Дочка эта… Тридцать лет, семьи нет и заводить не хочет. И живет с нами. Ходил, ходил хахаль один, доцент с биологического, специалист по физиологии грибов. Про лишайники рассказывал очень интересно. Цветы дарил. Был однажды в гостях, а я дура зажарила свежие опята с рынка, угостить хотела будущего зятя. А он есть отказался, да еще обиделся.
Любка говорит – с папой не то что на Аляску, на Северный полюс поеду. Мне тутошняя голодуха и мутота обрыдли. Тут пока что поймут, тысячелетие проходит, а до тех пор, пока жить по-человечески станут, еще тысячу лет ждать придется. Умная! Ну, поищи, поищи, где лучше.
Да... Обобрали меня на кафедре как липку. Лекционный курс отобрали еще два года назад. Хоздоговор уже год как не продлевают. Сомов сам ездил к заказчикам, уговаривал, объяснял. На конференцию в Монреаль не пустили, хотя меня персонально пригласили организаторы. Меня-то пригласили, а завкафедры и его зама – нет. В результате, они оба туда ездили и мои результаты докладывали. Барахла навезли горы, а мне – колготки подарили с молодухой, черти старые.

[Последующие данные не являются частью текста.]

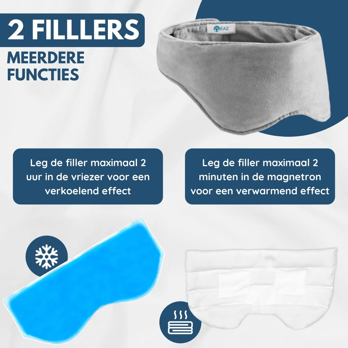 Het slaapmasker bevat twee fillers. Een filler welke je kunt verkoelen en de verzwaarde filler welke je kunt opwarmen. Door de koelfiller tot 2 uur in de vriezer te leggen, zorg je ervoor dat het masker een heerlijk verkoelend effect heeft. Dit helpt goed tegen koorts, hoofdpijn, migraine, of als je last van je ogen hebt.

Аспирантов моих так запугали, что они сами от меня к Скребневу перешли. Лаборанта Гужова, уволили за пьянство и воровство. Так ведь он пил и воровал и когда у Фрошмана работал. Один раз керосин в аэропорту продал, самолет взлететь не смог. Хорошо, не погиб никто. Четыреста термометров разбил, подлец, чтобы из них спирт высосать. У меня ползарплаты украл из письменного стола. Правда, через полгода вернул. Напивался Гужов до состояния риз и шел в морозильную камеру спать. Говорил, что «на холоде очищается душа». Ватниками укрывался и дрых в ушанке, рядом с образцами. Руки у парня были золотые… Электронный микроскоп Пролеткиной отдали. В университет марксизма-ленинизма три раза гоняли. В юбилейный сборник статью не взяли. А в конце еще делегировали в научный совет при Комитете по охране окружающей среды. А на закуску – отправили в Госкомиссию по БАМу... В конце июня принимали. В ложбинах еще снег лежал. А под горячим сибирским солнцем – зеленело все. Красота. Просторы. От нежных листочков пар струился. Лимонницы порхали. Махаона видела божественного. Я букеты собирала, кору у березок гладила. А все остальные в комиссии пульку писали и ханку жрали как дьяволы. На дорогу и не смотрели. Об охране природы и не думал никто. Рядом с дорогой все разворочено, мазутом и соляркой загажено, автодороги разбиты, оврагообразование началось на подрезанных склонах, скалы не укреплены… Речки разливаются, которых и на карте нет, железная дорога из-за подмыва насыпи оседает как хромая лошадь. Мосты такие ржавые и хлипкие, что по ним и ехать жутко, некоторые шатаются как гнилые зубы… Несколько станций роскошных построили – а ни городов, ни поселков за ними нет. А где есть поселки – там нет людей, делать там после постройки дороги нечего. Мерзлота свое берет – асфальт трещит, здания корежит. Огород тут не посадишь, холодно, снабжения нет. Людей держит только то, что податься им некуда... Медведей видела в заброшенном городке – искали звери корм среди сгнивших мусорных баков. А там только ржавое железо валяется, черные деревяшки вместо домов торчат, да старые поблекшие плакаты на покосившихся стендах как лохмотья висят.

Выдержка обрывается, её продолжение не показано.